Another short drabble from my overdue drafts, part of autumn creator's challenge on Twitter.

(See the end of the work for more notes.)

Work Text:

It was early afternoon at Wonpil’s suburban cottage. A rather peaceful day, to be honest — no ley line glitches, no hunter sighting report, and the sharehouse residents (read: Jooyeon) hadn’t come up with some weird shenanigans this time. The moon rabbit was sitting at his front porch, herbal tea in hand, enjoying the cool, crisp autumn breeze. Beside him, Sungjin, the city’s guardian entity, sat unhumanly still, so motionless that it was easy to mistake him for a statue. His dark eyes were unfocused, flickering faintly with golden static, and he hadn’t blinked a single time for the past ten minutes.

“You look like you’re daydreaming,” Wonpil remarked.

“I’m thinking.” Came a reply from the guardian, his gaze shifted to the smaller man, quietly admiring how soft his wavy hair fell into his silver-tinted eyes.

“About what?”

“What it is like as a mortal — to settle down, to grow old, even to pass away surrounded by your loved ones.”

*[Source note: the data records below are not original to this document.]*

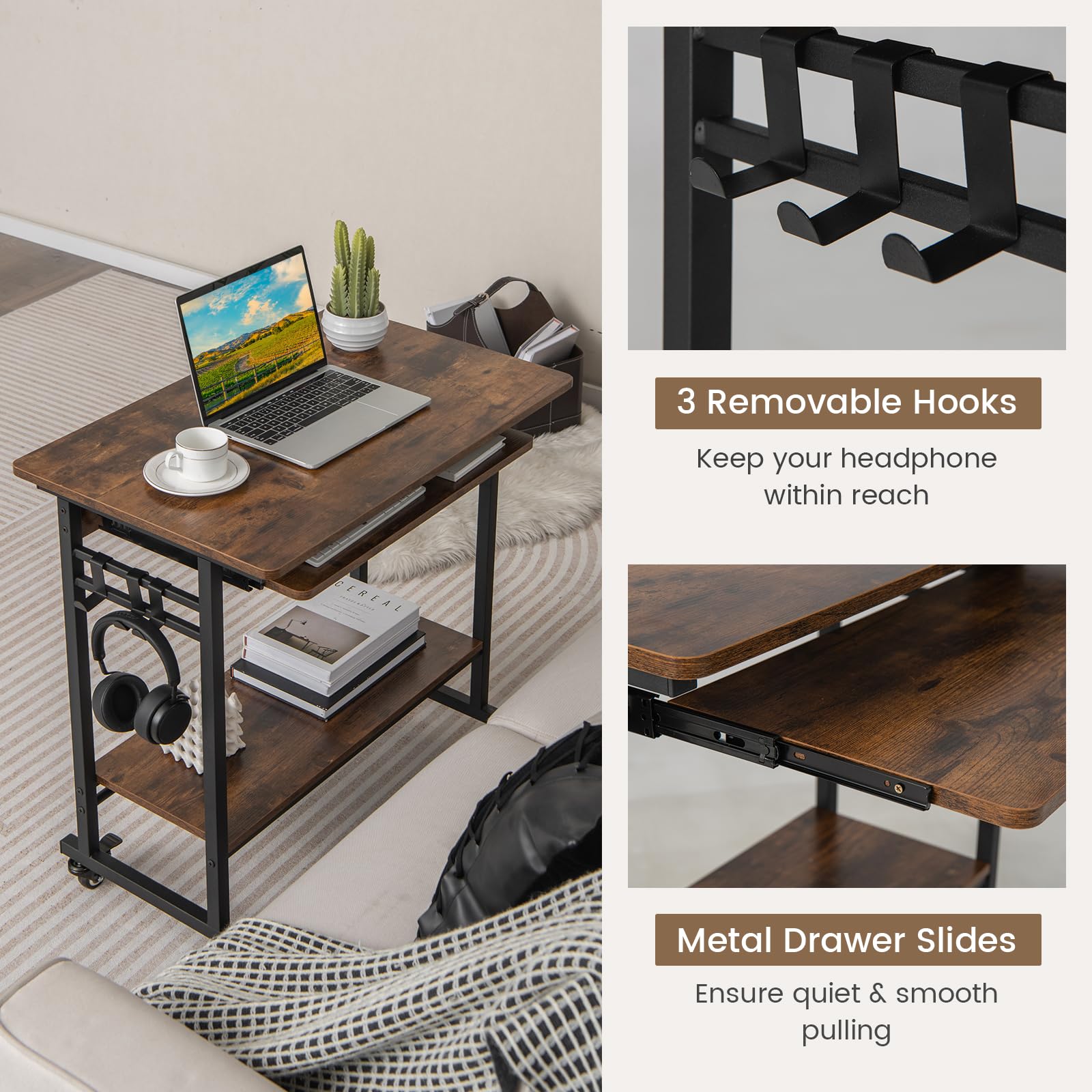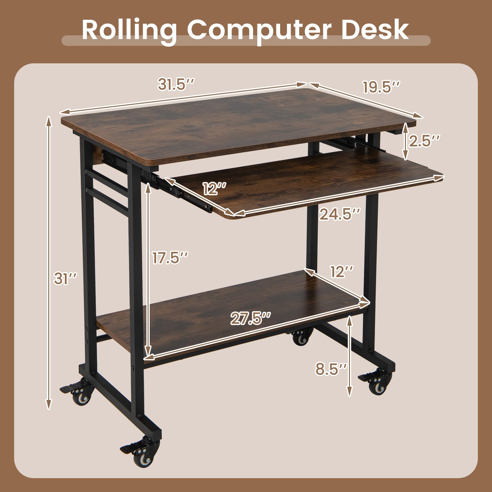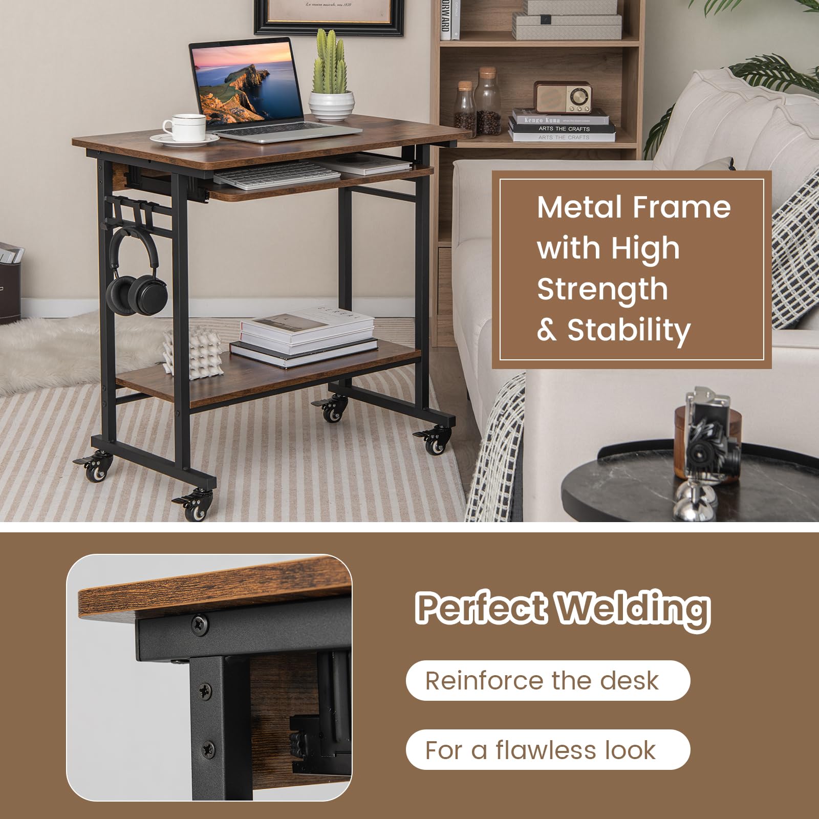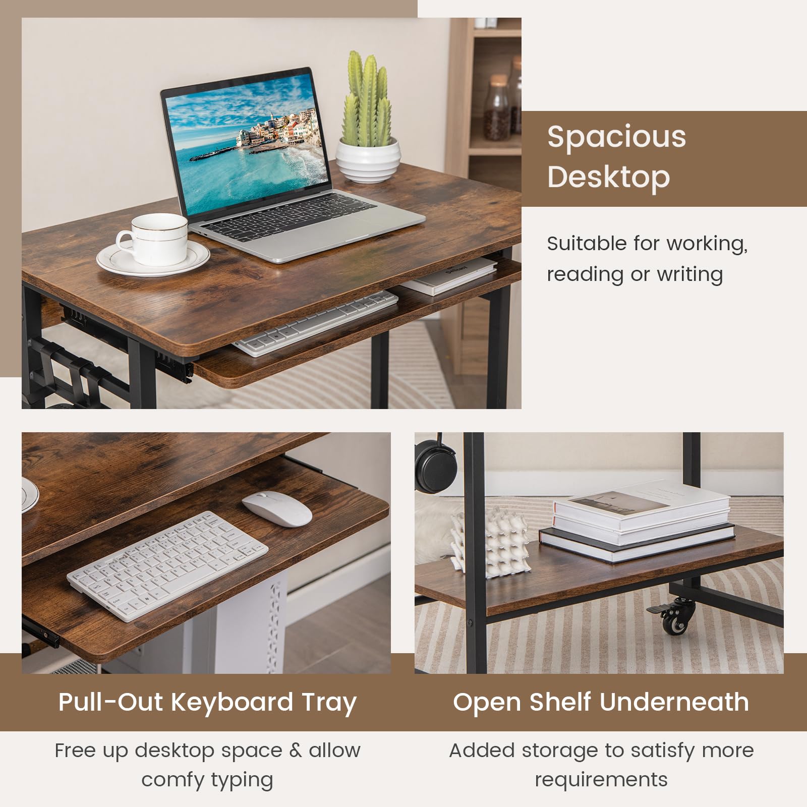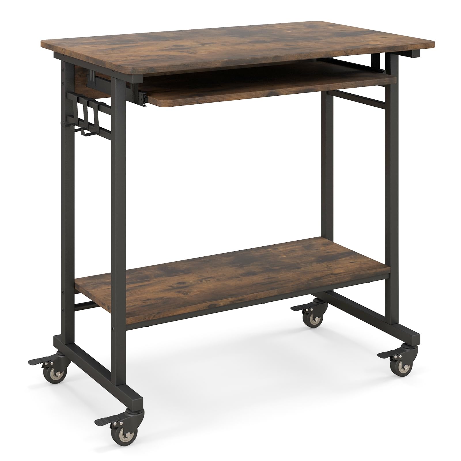 Introducing the ultimate companion of productivity - the rolling computer desk! Get ready for the efficient workflow, as the home office desk offers roomy workspace from a wide desktop & a keyboard tray. But that’s not all! It also has an open shelf & 3 hanging hooks for added storage. With lockable universal wheels, the computer cart for small space can accompany you wherever inspiration strikes in the house. Its metal frame boasts perfect welding & offers a large desktop load capacity of 160 lbs, which ensures high strength & durability. Embark on a transformative journey of productivity today!
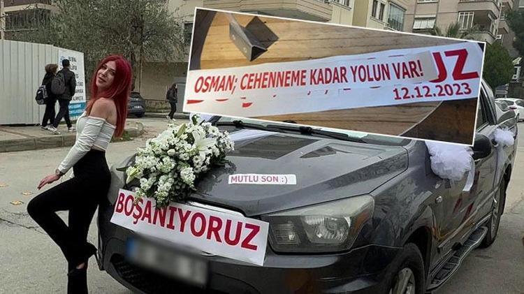 Boşanma davasına, 'Osman cehenneme kadar yolun var, boşanıyoruz' yazılı aracıyla gitti
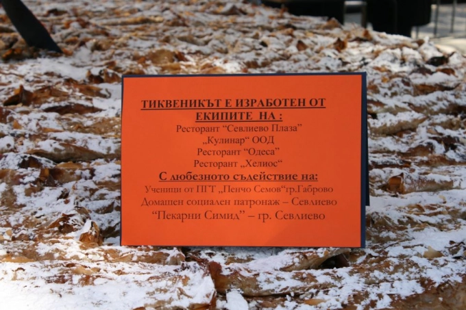В приготвянето се включиха готвачи от ресторантите на хотел "Севлиево плаза" и "Хелиос, от парти зона "Кулинар" и ресторант "Одеса". Тази година им помагаха ученици от Професионалната гимназия по туризъм "Пенчо Семов" в Габрово и Домашния социален патронаж.
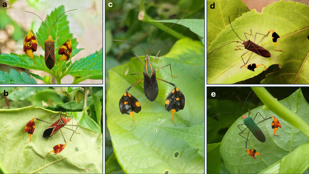 Combo de fotografías cedida por B. lurida, que muestra el comportamiento de cinco especies de chinches coreidas. a) Bitta lurida, b) Bitta hymeniphera, c) Diactor bilineatus, d) Bitta gradadia, y e) Anisoscelis foliaceus, en Colón (Panamá). EFE/ B. Lurida
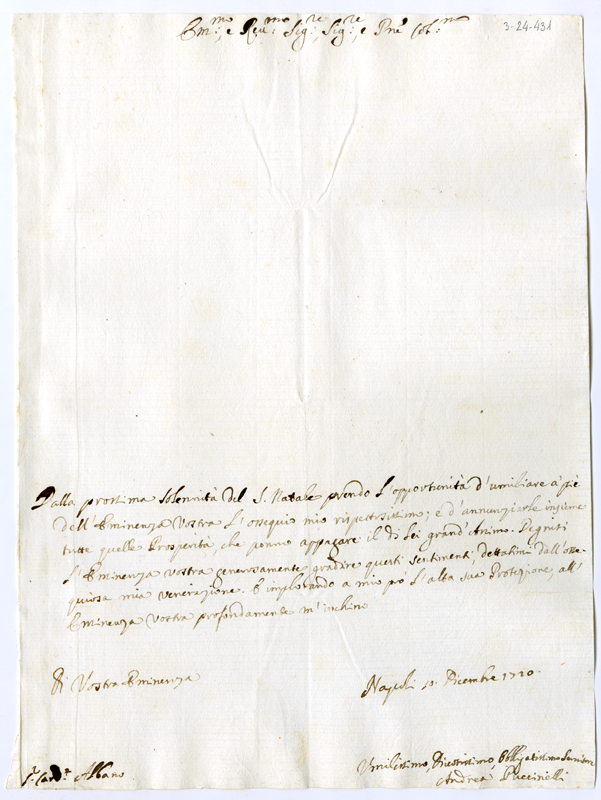 Lettera di Andrea Puccinelli al cardinale Annibale Albani (1720 dicembre 10)
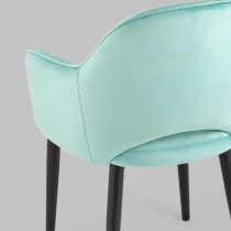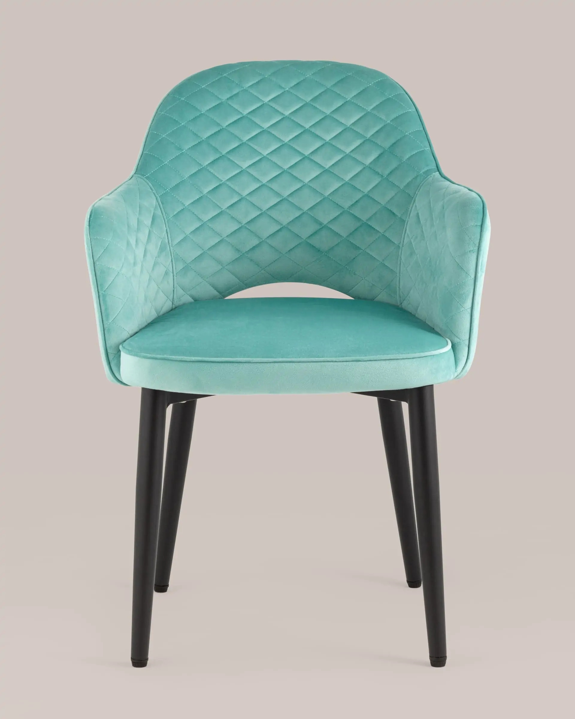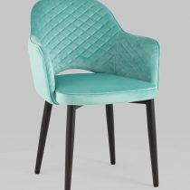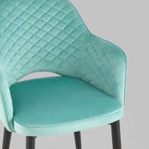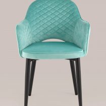 Мягкий стул с округлой спинкой анатомической формы и удобными подлокотниками подарит комфорт и уют. В качестве обивки используется велюр – прочный износостойкий материал. Внутренняя сторона спинки и подлокотников украшена декором в виде ромбов. Высота подлокотников от пола – 64,5 см.

“Well, I’m not the best person to answer that.” It was true, Wonpil had lived for millenia; he saw kingdoms rise and fall, outlived everyone who he came close enough to care about. Mortality, too, sounded foreign to him, as if it was a melody he could hear but couldn’t truly sing.

Wonpil took another sip of tea. “But I think their mortality is what makes everything precious. Every moment, every bond, every laughter — they become more meaningful when you know you’re here temporarily.”

Sungjin turned his gaze back to the horizon, his chest arched with the thought that what he cherished the most, in all the countless centuries since his creation, was already sitting beside him. Nevertheless, he only came up with a quiet hum of agreement.

The wind rustled through the autumn leaves, filling the silence of both Sungjin and Wopil’s unspoken thoughts — a longing that they didn’t dare to say out loud. The moon rabbit lowered his teacup, lingering a beat too long on the cooling porcelain, as if he was waiting for a confession that never came.

Neither of them spoke, but in that stillness, it felt as if someday, somehow, they would.